- **What to work on**:
The result should be the lines from the one holding "The dress has" to the final line of the records below, repeated exactly and with no pictures.

- **Data records**:
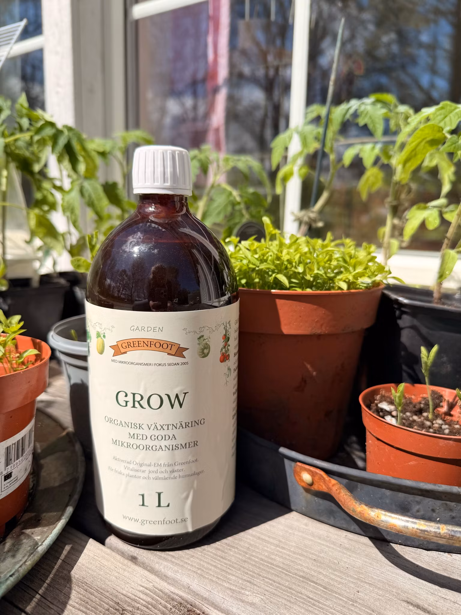 GROW från Greenfoot Garden är ett flytande biodynamiskt och organiskt gödsel med bra NPK-värde. GROW innehåller effektiva mikroorganismer, humussyror och värdef
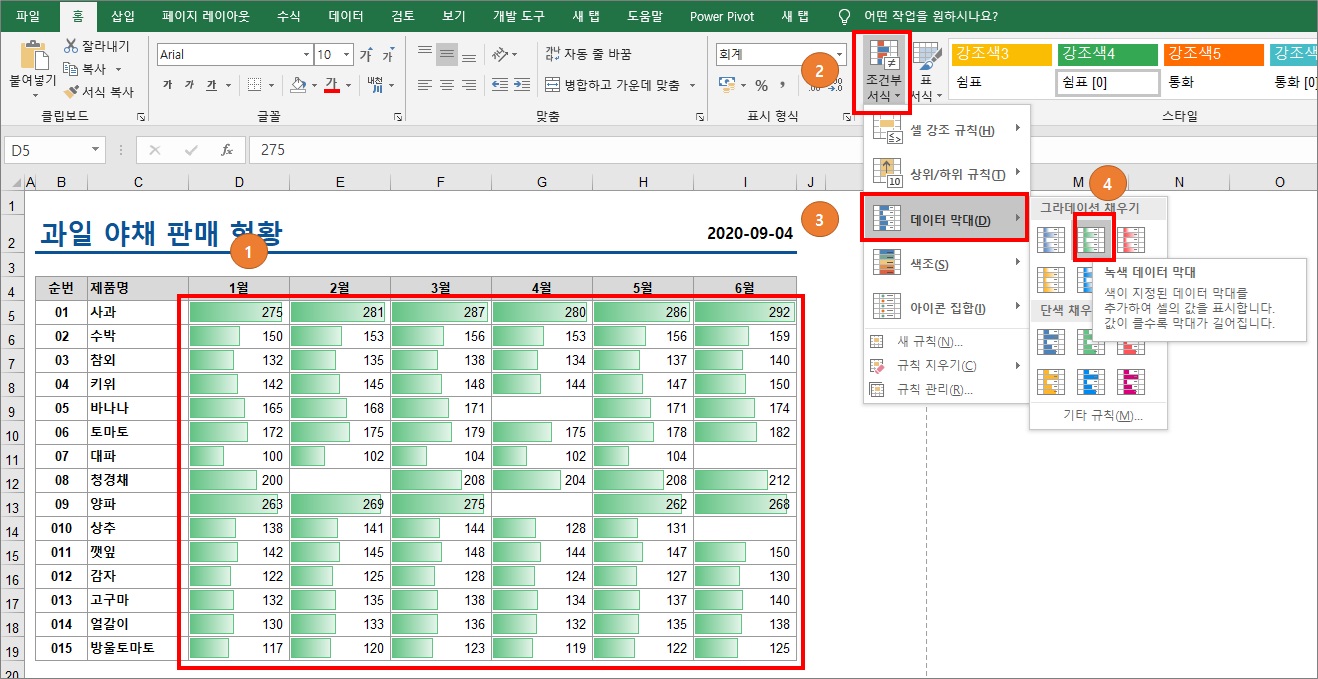 아래 그림처럼 셀안에 자동으로 데이터를 비교하여 데이터가 높으면 색 막대가 길게 나타납니다.
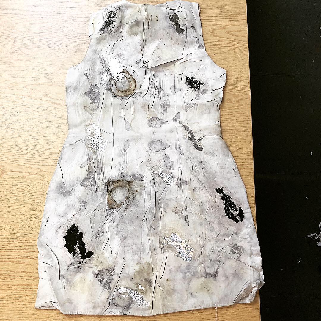 The dress has been made from scratch by a year 10 student and was dyed in the same way as the bags.
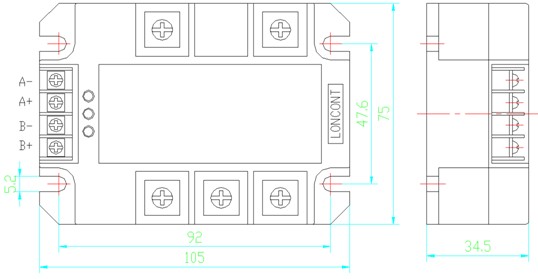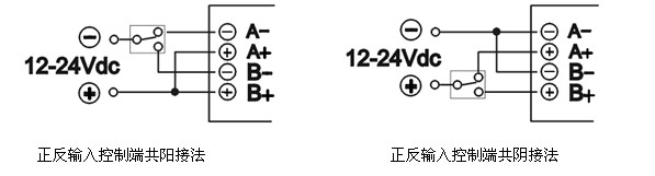 5、輸入控制電壓為12-24Vdc,共陽或共陰可任意接線?刂凭共陽連接時,A—、B—端低電平有效,當A—、B—端同時為低電平時模塊自動關閉。共陰連接時,A+、B+端高電平有效,當A+、B+端同時為高電平時模塊自動關閉。其他控制電壓也可定制。
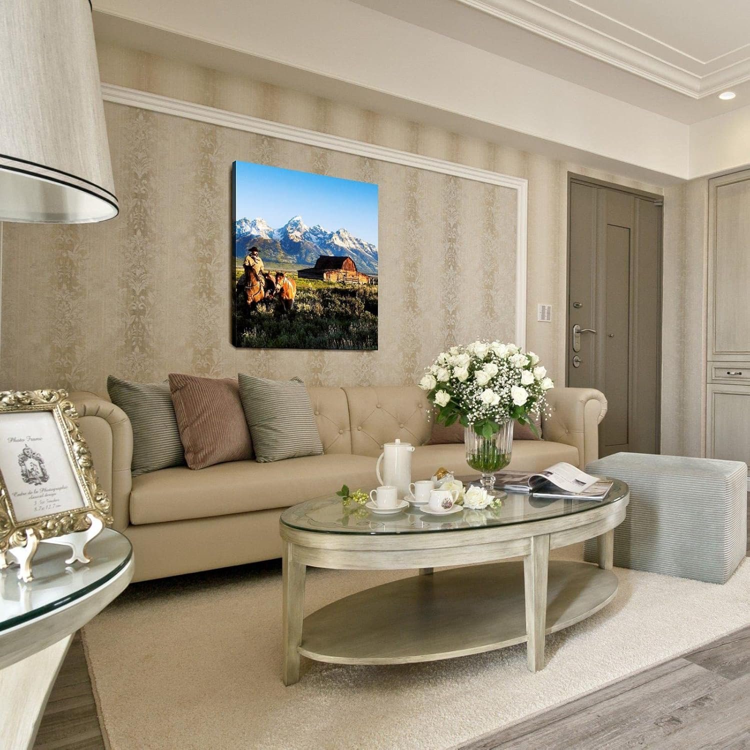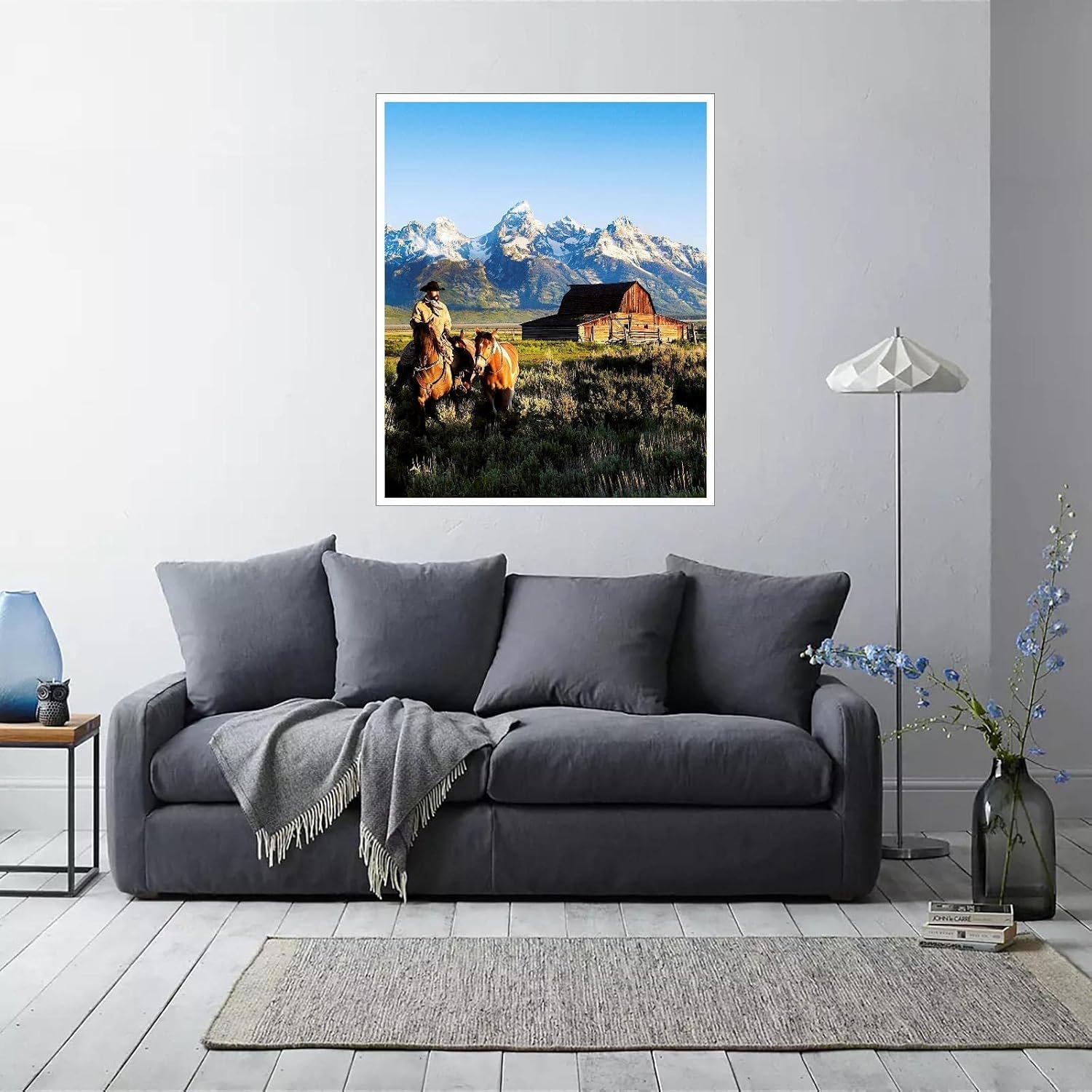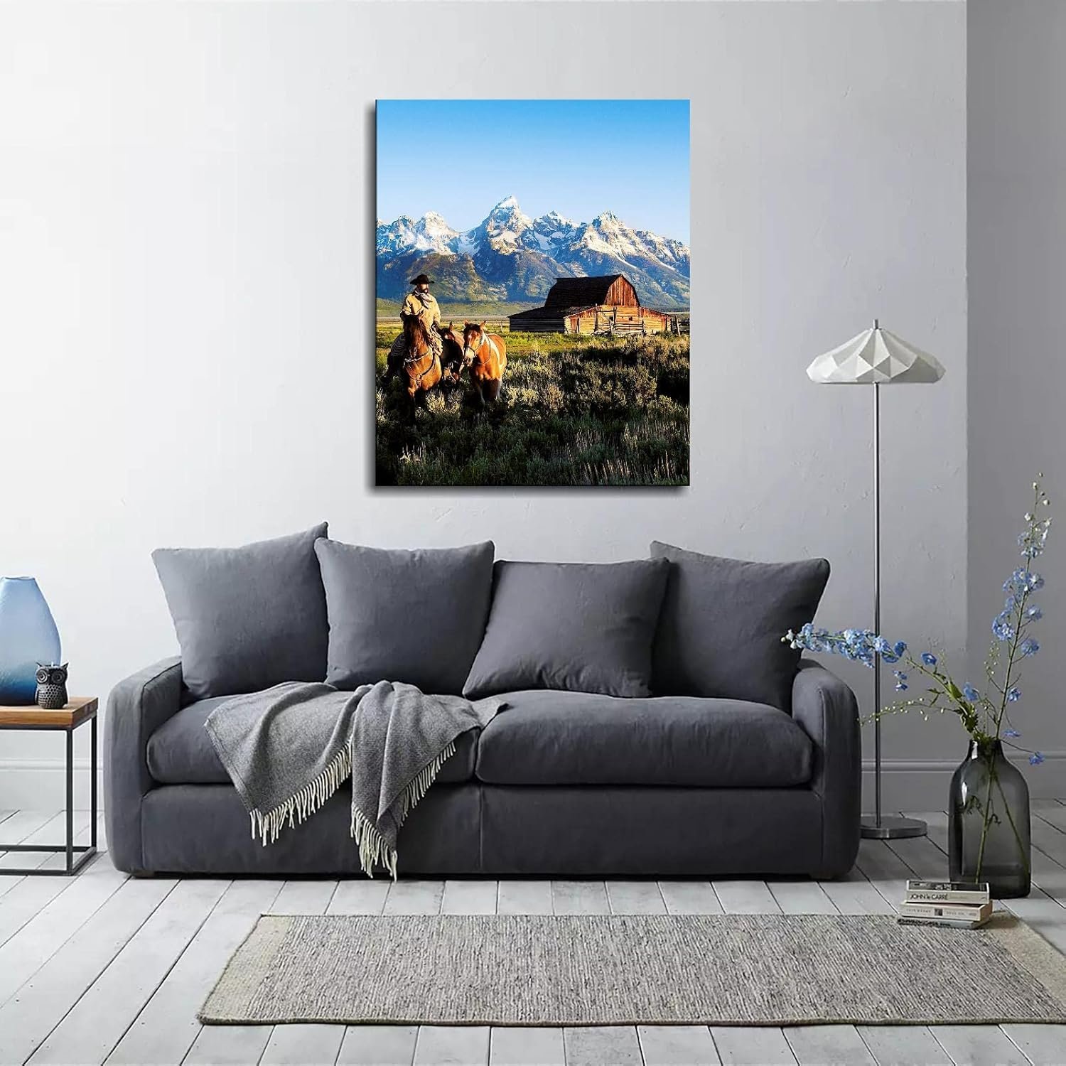 CLEARCONNECT Beautiful Natural Landscape Canvas Prints Mountain Chalets Traveling Cowboys And Horses Poster Wall Art For Home Office Corridor Decorations

- **Task solution**:
 The dress has been made from scratch by a year 10 student and was dyed in the same way as the bags.
 5、輸入控制電壓為12-24Vdc,共陽或共陰可任意接線?刂凭共陽連接時,A—、B—端低電平有效,當A—、B—端同時為低電平時模塊自動關閉。共陰連接時,A+、B+端高電平有效,當A+、B+端同時為高電平時模塊自動關閉。其他控制電壓也可定制。
 CLEARCONNECT Beautiful Natural Landscape Canvas Prints Mountain Chalets Traveling Cowboys And Horses Poster Wall Art For Home Office Corridor Decorations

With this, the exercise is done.